Workers at Silicon Valley start-ups are using LSD to gain “superhuman” creativity. Would the original psychonauts approve of their intentions?
Microdosing has been on everyone’s tongues for years. People are taking “subperceptual” doses of LSD or psilocybin mushrooms to achieve personal betterment, with proponents claiming everything from an increased sense of daily bliss to heightened productivity in the workplace.
San Francisco’s tech hub has picked up on the practice, with an increasing number of startup workers practicing a regimen of dosing every few days, so as not to experience diminishing psychoactive returns. Rolling Stone describes the average experimenter as someone seeking an alternative to Adderall, an “Ubersmart twentysomething” curious to see whether microdosing will help him or her work through technical problems and become more innovative.
Microdosing is a solution for many sleep-deprived tech workers in highly-competitive workplace cultures. Some workers describe seemingly super-human cognitive strengths allowing them to explore new lines of thinking and solve problems more creatively. Microdosing is taking enough to heighten perception, but not enough to get trippy.
Paulo Torres, a 32-year-old artist/producer for Five Towers in Los Angeles, believes it’s hard to see the original psychonauts endorsing the practice for such ends. It’s nearly reminiscent of the days when overworked, nonunionized factory workers would grab a cocaine-infused bottle of Coca-Cola at the refreshment cart to get through long labor shifts. People in the tech industry are already working at least 60 hours a week. It’s not just the overachievers; at some companies, it is simply the standard for employment.
Torres explained to me that he’s been micro-dosing with psilocybin for the five years since he had an existential crisis. “I reached a point in my life where I began questioning my purpose, what the world was, and why I was here. I felt lost”. Then he discovered Timothy Leary, and that’s when he started microdosing. Unable to find mushrooms in LA, Torres decided to teach himself how to grow his own. He ended up with some different varieties, made the mushrooms into capsules and journaled what happened when he took different doses. His process included meditation and eventually transformed him into something of a medicine man, and can now “administer the right dose for the type of experience a person wants to have.”
Torres says that microdosing makes his thoughts move more freely. “Anywhere that my awareness, thoughts, or senses went became an immersive experience. In modern society, we develop a numbness to our surroundings. We are of the world, and the world is not naturally like this: billboards, TV, big cities, etc. Many people never get outside of their conditioned minds; microdosing helped me find my true power. I create the experience I want to have in this life, and that is both healthy and exciting,” says Torres.

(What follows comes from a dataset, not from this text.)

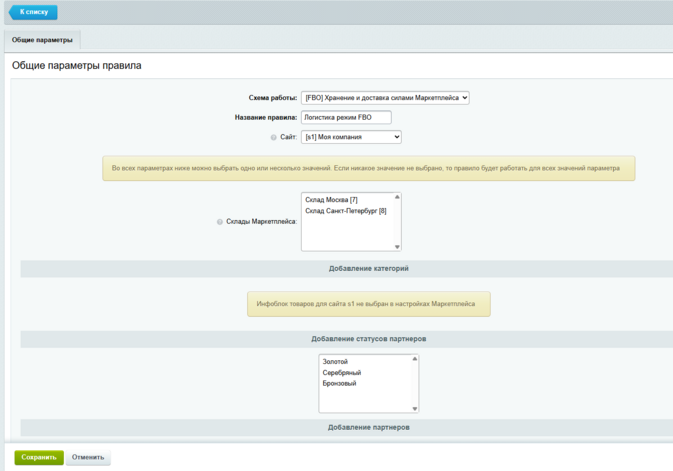 Администратор может гибко настраивать работу логистики, создавая правила с нужными параметрами под разные режимы. Для каждого режима можно создать одно или несколько правил с разными условиями, например, разрешить DBS только для крупногабаритных товаров, сделать одно правило FBS для определённой категории с одной комиссией и другое — для другой категории с иной комиссией. Поставщик работает в рамках доступных ему правил, а если для одной категории товаров у него есть несколько вариантов, он может выбрать наиболее удобный.

Torres believes using hallucinogens and psychedelics for egotistical ends can result in personal consequences. His philosophy resembles Leary and Ram Dass’ Harvard experiments with LSD and their ensuing writings, which don’t encourage using LSD to increase productivity for productivity’s sake but rather for dealing with what holds us back from realizing our full potential.
Perhaps we should not be questioning the validity of micro-dosing, but rather the intentions of those who try it.